(What you will do) Give the data again exactly, without its images.

(Data below)
::::::::

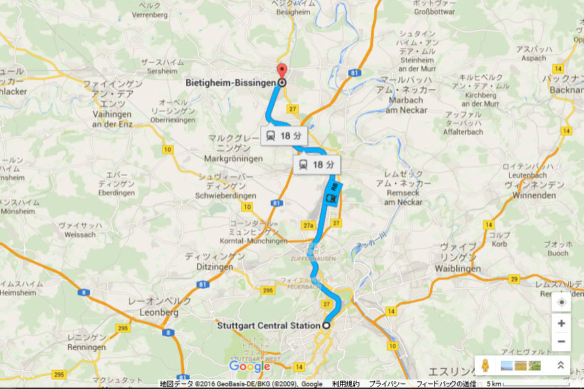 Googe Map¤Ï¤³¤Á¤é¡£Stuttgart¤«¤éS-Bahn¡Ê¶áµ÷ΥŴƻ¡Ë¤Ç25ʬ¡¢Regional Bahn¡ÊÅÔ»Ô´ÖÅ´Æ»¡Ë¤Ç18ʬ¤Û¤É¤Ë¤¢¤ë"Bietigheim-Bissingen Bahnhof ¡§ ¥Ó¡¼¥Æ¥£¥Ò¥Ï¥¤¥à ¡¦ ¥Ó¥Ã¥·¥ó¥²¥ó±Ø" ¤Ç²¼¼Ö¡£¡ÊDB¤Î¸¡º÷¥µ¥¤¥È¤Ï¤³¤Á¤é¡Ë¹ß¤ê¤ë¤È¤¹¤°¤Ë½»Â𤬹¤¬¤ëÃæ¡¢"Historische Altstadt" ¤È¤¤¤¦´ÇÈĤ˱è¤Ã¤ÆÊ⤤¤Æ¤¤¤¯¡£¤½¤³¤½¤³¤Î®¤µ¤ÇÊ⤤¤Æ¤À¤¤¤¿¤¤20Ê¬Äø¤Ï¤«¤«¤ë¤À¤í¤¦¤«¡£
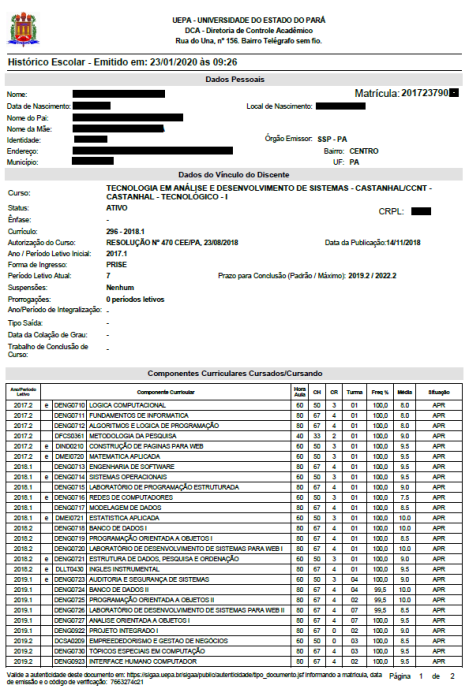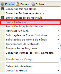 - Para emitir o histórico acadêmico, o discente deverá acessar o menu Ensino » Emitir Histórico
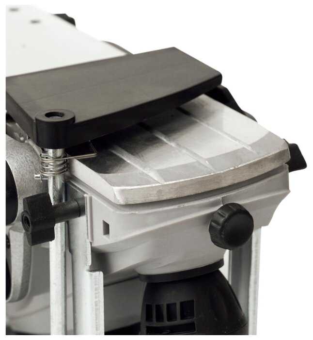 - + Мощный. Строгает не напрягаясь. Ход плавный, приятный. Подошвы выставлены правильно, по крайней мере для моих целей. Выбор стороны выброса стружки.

::::::::

(Reply to the task)
 Googe Map¤Ï¤³¤Á¤é¡£Stuttgart¤«¤éS-Bahn¡Ê¶áµ÷ΥŴƻ¡Ë¤Ç25ʬ¡¢Regional Bahn¡ÊÅÔ»Ô´ÖÅ´Æ»¡Ë¤Ç18ʬ¤Û¤É¤Ë¤¢¤ë"Bietigheim-Bissingen Bahnhof ¡§ ¥Ó¡¼¥Æ¥£¥Ò¥Ï¥¤¥à ¡¦ ¥Ó¥Ã¥·¥ó¥²¥ó±Ø" ¤Ç²¼¼Ö¡£¡ÊDB¤Î¸¡º÷¥µ¥¤¥È¤Ï¤³¤Á¤é¡Ë¹ß¤ê¤ë¤È¤¹¤°¤Ë½»Â𤬹¤¬¤ëÃæ¡¢"Historische Altstadt" ¤È¤¤¤¦´ÇÈĤ˱è¤Ã¤ÆÊ⤤¤Æ¤¤¤¯¡£¤½¤³¤½¤³¤Î®¤µ¤ÇÊ⤤¤Æ¤À¤¤¤¿¤¤20Ê¬Äø¤Ï¤«¤«¤ë¤À¤í¤¦¤«¡£
 - Para emitir o histórico acadêmico, o discente deverá acessar o menu Ensino » Emitir Histórico
 - + Мощный. Строгает не напрягаясь. Ход плавный, приятный. Подошвы выставлены правильно, по крайней мере для моих целей. Выбор стороны выброса стружки.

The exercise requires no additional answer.